[[ Provided material, beginning ]]
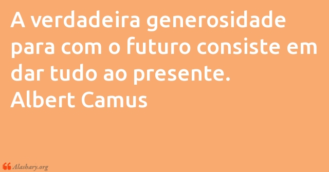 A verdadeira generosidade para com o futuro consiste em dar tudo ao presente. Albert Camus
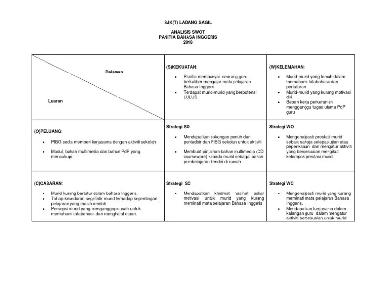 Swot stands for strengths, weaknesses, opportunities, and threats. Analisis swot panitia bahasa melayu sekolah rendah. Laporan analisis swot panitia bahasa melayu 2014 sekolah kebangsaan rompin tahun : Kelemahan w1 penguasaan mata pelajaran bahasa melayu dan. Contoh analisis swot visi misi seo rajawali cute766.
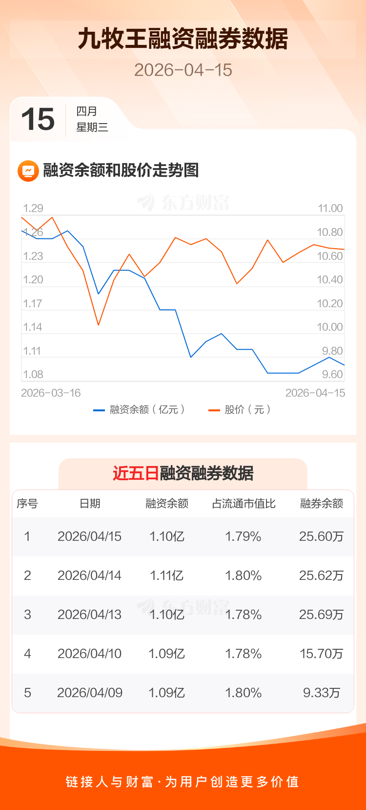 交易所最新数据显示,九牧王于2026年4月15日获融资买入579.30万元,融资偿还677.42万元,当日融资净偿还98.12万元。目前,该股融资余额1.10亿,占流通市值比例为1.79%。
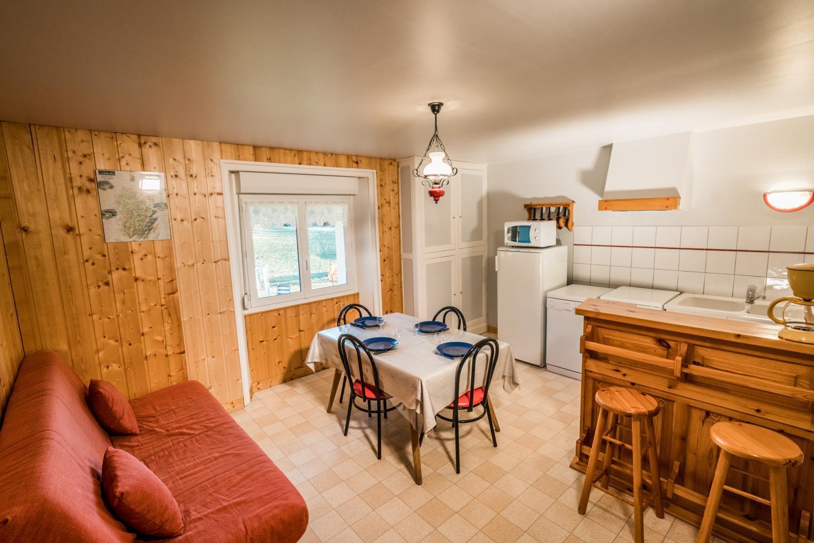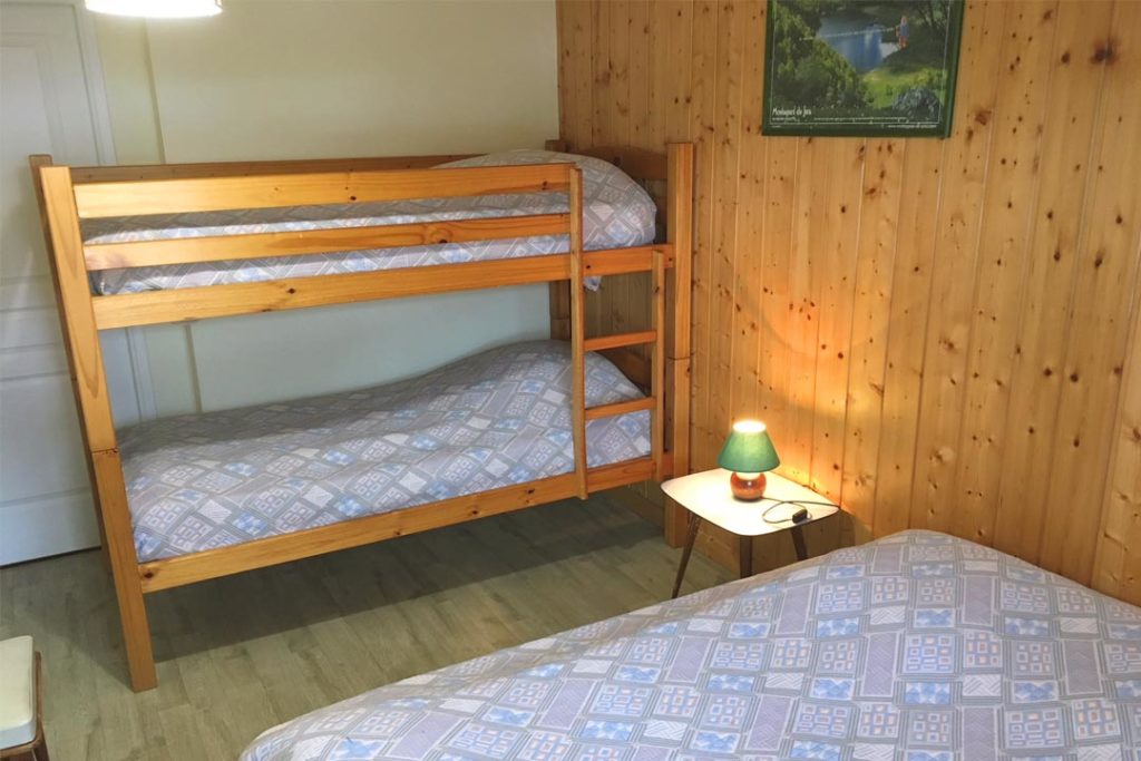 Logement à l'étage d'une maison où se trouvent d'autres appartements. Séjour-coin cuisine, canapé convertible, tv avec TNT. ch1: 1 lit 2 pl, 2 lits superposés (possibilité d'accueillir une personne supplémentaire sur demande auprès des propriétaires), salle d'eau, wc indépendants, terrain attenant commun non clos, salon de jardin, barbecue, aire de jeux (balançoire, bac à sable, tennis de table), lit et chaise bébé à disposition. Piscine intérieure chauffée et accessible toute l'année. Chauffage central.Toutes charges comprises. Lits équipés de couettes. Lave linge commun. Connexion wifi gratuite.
[[ Provided material, end ]]
## Required action
Starting from the first line of the listing above, write out every line exactly through the one containing "Swot stands for", and drop the pictures.

## Reply
 A verdadeira generosidade para com o futuro consiste em dar tudo ao presente. Albert Camus
 Swot stands for strengths, weaknesses, opportunities, and threats. Analisis swot panitia bahasa melayu sekolah rendah. Laporan analisis swot panitia bahasa melayu 2014 sekolah kebangsaan rompin tahun : Kelemahan w1 penguasaan mata pelajaran bahasa melayu dan. Contoh analisis swot visi misi seo rajawali cute766.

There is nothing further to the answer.